Module 4 - Scaling

High Availability

Designing systems that stay up even when things fail.

1The Hospital Analogy

Simple Analogy

A hospital has backup generators, multiple doctors on call, and emergency protocols. If one system fails, another takes over. The goal: never stop serving patients. That's high availability.

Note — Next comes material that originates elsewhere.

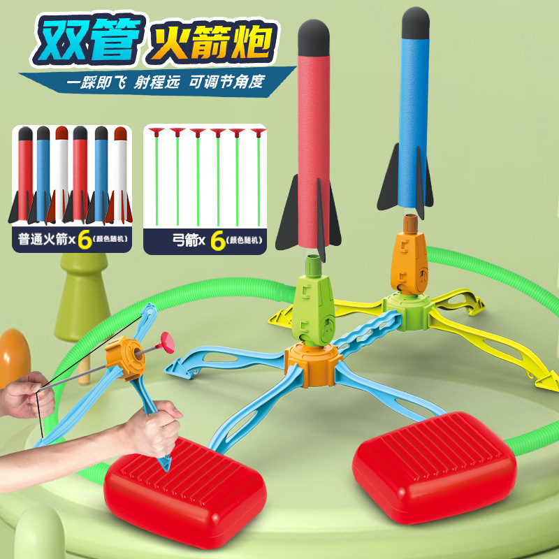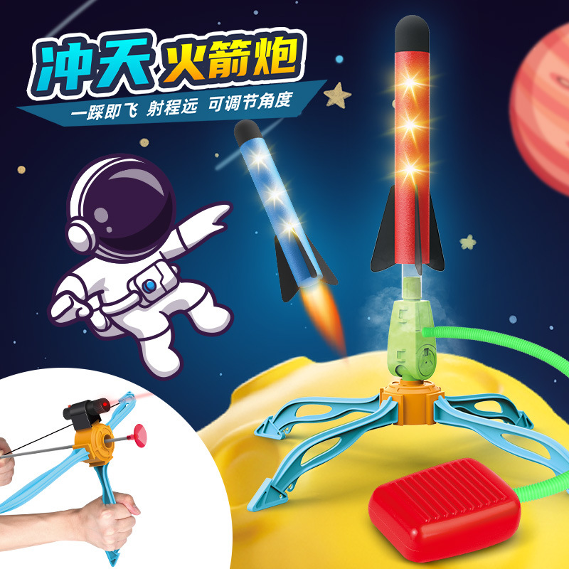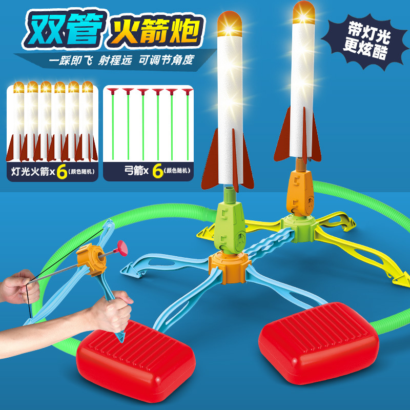 어린이 스카이 로켓 발사 활과 화살 2 대 1 발광 발 발사 로켓 총 야외 스포츠 남녀 장난감스토어 가기

High Availability (HA) means a system remains operational for a high percentage of time. Measured in "nines"-99.9% (3 nines) = 8.7 hours downtime/year.

2Availability Levels

Availability	Downtime/Year	Example
99% (2 nines)	3.65 days	Internal tools
99.9% (3 nines)	8.7 hours	Most SaaS apps
99.99% (4 nines)	52 minutes	E-commerce, fintech
99.999% (5 nines)	5 minutes	Telecom, healthcare

3Achieving HA

Redundancy

No single point of failure. Multiple instances of everything.

Load Balancing

Distribute traffic. If one fails, others handle it.

Failover

Automatic switch to backup when primary fails.

Health Checks

Detect failures quickly and route around them.

Multi-AZ / Multi-Region

Survive data center or region failures.

4Failure Modes

Hardware Failure

Disks, network, servers fail. Use redundancy.

Software Bugs

Code crashes. Use circuit breakers, rollback.

Network Partitions

Nodes can't communicate. Handle gracefully.

Dependency Failures

External service down. Use fallbacks, caching.

5Key Takeaways

1HA = staying operational despite failures

2Measured in nines: 99.9% = 8.7 hrs/year downtime

3Eliminate single points of failure with redundancy

4Use health checks + failover for quick recovery

5Multi-AZ/region protects against site failures

?Quiz

1. Your SLA requires 99.99% uptime. Max downtime per year?

2. Single database, no replica. What's the risk?